People hanging out at Brakkebygrenda's 3 year birthday party.





_Sunngifu is painting her newly found and restored bicycle._





_Treehouse._








​In spring, the old Aftenposten-building, also known as Borgen, was squatted by a large group of people. Being in their neighborhood, many people from BBG were involved.




​Lots of people would show up to express support for Borgen's cause, using it for many things, ranging from creative studios to social meeting spaces. Some would stay until it was evicted.




​The squatters and Jernbaneverket met in a court case about Borgen. We were self represented as we did not have a lawyer. Even though a great case was presented from our side, it was quickly dismissed and we were asked to leave Borgen so that it could be demolished. I had never seen or heard of cases being dismissed so quickly elsewhere, it was as if we were just called to court so that we couldn't complain about the lack of justice.





_Borgen after the demolition._




​Cities and big buildings were never my thing. After Borgen I turned my attention to the beautiful Norwegian forests that surround the city. Some friends of mine had recently squatted a cabin in the woods,and invited me to come visit. Soon i realized did not want to go back to town.





_I was told they had gotten into something good, but didn't imagine it was that good._





_The house had it all.

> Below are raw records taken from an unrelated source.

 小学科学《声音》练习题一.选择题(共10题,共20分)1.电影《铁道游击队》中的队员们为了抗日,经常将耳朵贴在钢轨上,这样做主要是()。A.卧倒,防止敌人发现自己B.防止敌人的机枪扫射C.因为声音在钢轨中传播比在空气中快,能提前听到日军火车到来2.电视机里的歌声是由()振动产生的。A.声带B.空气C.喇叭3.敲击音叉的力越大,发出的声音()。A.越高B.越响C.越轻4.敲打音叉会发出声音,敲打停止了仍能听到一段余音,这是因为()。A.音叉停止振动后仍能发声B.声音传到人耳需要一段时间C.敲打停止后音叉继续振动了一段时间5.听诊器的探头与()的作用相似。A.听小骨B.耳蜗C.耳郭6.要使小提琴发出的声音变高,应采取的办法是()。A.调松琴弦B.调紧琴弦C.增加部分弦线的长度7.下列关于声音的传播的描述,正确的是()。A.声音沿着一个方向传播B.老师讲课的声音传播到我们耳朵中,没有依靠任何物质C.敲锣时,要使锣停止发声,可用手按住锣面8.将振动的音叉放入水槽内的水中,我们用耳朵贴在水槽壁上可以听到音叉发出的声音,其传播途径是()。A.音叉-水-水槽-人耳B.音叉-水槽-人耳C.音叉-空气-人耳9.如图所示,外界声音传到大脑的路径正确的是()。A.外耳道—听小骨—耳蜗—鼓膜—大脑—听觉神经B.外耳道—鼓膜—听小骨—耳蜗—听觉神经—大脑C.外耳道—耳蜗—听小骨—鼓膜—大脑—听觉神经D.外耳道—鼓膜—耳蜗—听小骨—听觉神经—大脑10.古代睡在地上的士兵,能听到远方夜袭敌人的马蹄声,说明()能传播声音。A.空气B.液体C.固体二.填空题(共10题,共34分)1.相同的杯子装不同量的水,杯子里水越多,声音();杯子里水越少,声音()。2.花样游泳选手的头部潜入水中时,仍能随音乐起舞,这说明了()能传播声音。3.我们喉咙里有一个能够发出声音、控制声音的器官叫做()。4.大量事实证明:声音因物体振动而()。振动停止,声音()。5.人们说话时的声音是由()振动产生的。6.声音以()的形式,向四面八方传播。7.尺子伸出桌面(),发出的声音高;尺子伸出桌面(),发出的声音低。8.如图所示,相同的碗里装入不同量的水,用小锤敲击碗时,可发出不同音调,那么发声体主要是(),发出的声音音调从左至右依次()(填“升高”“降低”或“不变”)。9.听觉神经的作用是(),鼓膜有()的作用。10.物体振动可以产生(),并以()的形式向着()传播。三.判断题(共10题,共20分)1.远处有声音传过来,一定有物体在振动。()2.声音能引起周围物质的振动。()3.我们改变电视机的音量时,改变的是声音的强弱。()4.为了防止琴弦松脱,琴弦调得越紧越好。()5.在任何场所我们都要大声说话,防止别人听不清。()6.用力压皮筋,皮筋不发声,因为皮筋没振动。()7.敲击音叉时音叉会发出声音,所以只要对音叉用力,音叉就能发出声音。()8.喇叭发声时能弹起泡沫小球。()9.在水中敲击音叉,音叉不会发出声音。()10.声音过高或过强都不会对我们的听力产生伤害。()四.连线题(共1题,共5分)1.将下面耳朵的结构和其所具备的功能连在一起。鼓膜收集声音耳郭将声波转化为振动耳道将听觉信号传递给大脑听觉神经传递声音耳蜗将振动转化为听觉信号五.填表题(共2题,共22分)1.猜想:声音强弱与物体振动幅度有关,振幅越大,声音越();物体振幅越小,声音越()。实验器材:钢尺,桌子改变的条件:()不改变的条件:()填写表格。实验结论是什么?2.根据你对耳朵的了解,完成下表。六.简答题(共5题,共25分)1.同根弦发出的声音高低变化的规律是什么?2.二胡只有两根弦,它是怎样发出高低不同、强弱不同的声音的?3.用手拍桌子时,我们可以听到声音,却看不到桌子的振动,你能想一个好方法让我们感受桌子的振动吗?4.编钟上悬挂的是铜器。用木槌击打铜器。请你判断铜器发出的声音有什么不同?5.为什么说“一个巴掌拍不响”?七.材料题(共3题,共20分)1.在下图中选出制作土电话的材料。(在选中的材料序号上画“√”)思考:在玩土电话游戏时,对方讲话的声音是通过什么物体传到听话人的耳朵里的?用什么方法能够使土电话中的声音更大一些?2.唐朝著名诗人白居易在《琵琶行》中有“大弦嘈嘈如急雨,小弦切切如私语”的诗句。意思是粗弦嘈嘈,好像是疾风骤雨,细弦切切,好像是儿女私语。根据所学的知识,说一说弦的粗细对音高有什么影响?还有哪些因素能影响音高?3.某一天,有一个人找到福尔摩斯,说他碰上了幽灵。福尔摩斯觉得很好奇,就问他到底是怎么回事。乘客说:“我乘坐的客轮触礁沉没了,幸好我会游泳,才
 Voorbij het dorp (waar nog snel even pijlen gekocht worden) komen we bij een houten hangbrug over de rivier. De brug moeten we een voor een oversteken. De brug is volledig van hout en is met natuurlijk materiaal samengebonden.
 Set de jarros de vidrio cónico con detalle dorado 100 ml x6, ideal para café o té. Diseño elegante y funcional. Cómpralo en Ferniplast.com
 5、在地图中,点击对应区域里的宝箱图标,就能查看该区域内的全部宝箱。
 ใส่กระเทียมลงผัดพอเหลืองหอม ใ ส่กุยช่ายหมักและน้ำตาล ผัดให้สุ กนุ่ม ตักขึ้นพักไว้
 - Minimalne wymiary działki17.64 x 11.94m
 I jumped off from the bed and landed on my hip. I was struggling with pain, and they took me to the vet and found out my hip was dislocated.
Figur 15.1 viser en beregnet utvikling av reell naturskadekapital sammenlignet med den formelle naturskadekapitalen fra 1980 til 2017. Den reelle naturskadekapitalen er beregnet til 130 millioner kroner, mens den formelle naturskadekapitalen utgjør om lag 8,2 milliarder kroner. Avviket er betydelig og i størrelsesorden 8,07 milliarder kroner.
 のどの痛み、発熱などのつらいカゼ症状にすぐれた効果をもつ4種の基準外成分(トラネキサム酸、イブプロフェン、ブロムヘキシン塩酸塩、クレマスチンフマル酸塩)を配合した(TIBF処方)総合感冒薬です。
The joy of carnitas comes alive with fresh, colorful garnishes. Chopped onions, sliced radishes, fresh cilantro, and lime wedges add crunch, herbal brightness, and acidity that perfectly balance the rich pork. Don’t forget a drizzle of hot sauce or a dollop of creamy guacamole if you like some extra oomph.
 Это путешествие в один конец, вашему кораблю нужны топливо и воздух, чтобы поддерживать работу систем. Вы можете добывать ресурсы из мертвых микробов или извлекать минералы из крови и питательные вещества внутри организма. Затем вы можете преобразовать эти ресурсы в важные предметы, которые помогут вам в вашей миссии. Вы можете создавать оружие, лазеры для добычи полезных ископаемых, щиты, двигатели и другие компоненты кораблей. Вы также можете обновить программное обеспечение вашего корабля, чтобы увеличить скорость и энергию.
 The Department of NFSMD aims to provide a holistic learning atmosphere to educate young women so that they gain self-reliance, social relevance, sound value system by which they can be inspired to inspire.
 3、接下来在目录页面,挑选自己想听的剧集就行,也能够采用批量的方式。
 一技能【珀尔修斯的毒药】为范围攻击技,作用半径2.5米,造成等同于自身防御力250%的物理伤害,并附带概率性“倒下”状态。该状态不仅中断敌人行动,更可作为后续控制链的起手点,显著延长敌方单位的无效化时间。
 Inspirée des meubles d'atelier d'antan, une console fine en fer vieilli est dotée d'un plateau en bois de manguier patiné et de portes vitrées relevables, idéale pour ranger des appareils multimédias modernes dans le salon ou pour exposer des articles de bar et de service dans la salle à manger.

It was beautiful, peaceful and in nature. Most importantly, owned and abandoned by a big company._





_Although one could forget about the city while staying in such a paradise, we could still get spoiled by the great Norwegian dumpsters in the vicinity._





_Entrance door to Blåbærslottet._





_Blåbærslottet._




​Unfortunately, the forest dream faded as a fire destroyed it. We still don't know what caused the fire. Back at Brakkebygrenda, Autumn was coming and I knew what followed. So with a friend who lost everything in the fire, I planned an escape for the upcoming winter. During our absence, BBG was evicted.




​2 years later I return to Oslo. Now I live in a post-BBG squat somewhere in the outskirts of Oslo. This time combining the forest life with the trailer park concept. This place is called Sumpa, and was established by a small group that emerged from BBG. Not many people go there because its far away, but those who can appreciate the peace and tranquility of the forest, use their time to learn and do various things which in the busy social life of a city squat might be difficult to accomplish.





_One of many lakes close by._





_Car painting._





_Constructing a sauna on wheels._





_Blacksmithing iron rods into knives._









_Having a trailer park in the forest has its pros and cons. A big pro is that we get to use real wood instead of pallets for heating, which makes us warmer and the place more autonomous._​


----------



## Voodoo

wow this place is legit


----------



## Deleted member 125

this is fucking fantastic, props to these folks.

fucking norway, thumbs the hell up.


----------



## Robb the Pikey

nice doku, it´s hard to do so in germany cause there is to much paranoia......


----------



## warlo

yeah, German punks are so freaking paranoid, as if the cops didn't knew their names and faces from their chipped passports already


----------



## celticpunk

Hey man really great photos and story thanks for sharing, the forrest and trailer park combo looks awesome n beautiful scenery.


----------



## beersalt

Man.. Way to go. I appreciate the perseverance, that type of cold winter without heating sounds fucking scary. I'm glad y'all made it through, and were able to find a community to help you through with more ease. That's what it's all about. I'm in full support of what all you folks are doing, and have accomplished- demolished, burned, dead, or not. Thanks for sharing, and continuing to create places focused upon freedom, and creativity. I hope this place is still going strong. If so, I'd love to make the trip out there and do some great shit with y'all. A squat away from the city, near many lakes and trees sounds epic.


----------



## Skunkx1

Sad that this place is gone. Only real squat left in Oslo now is Vestbredden, and a couple places outside the city. 
RIP Brækkers.


----------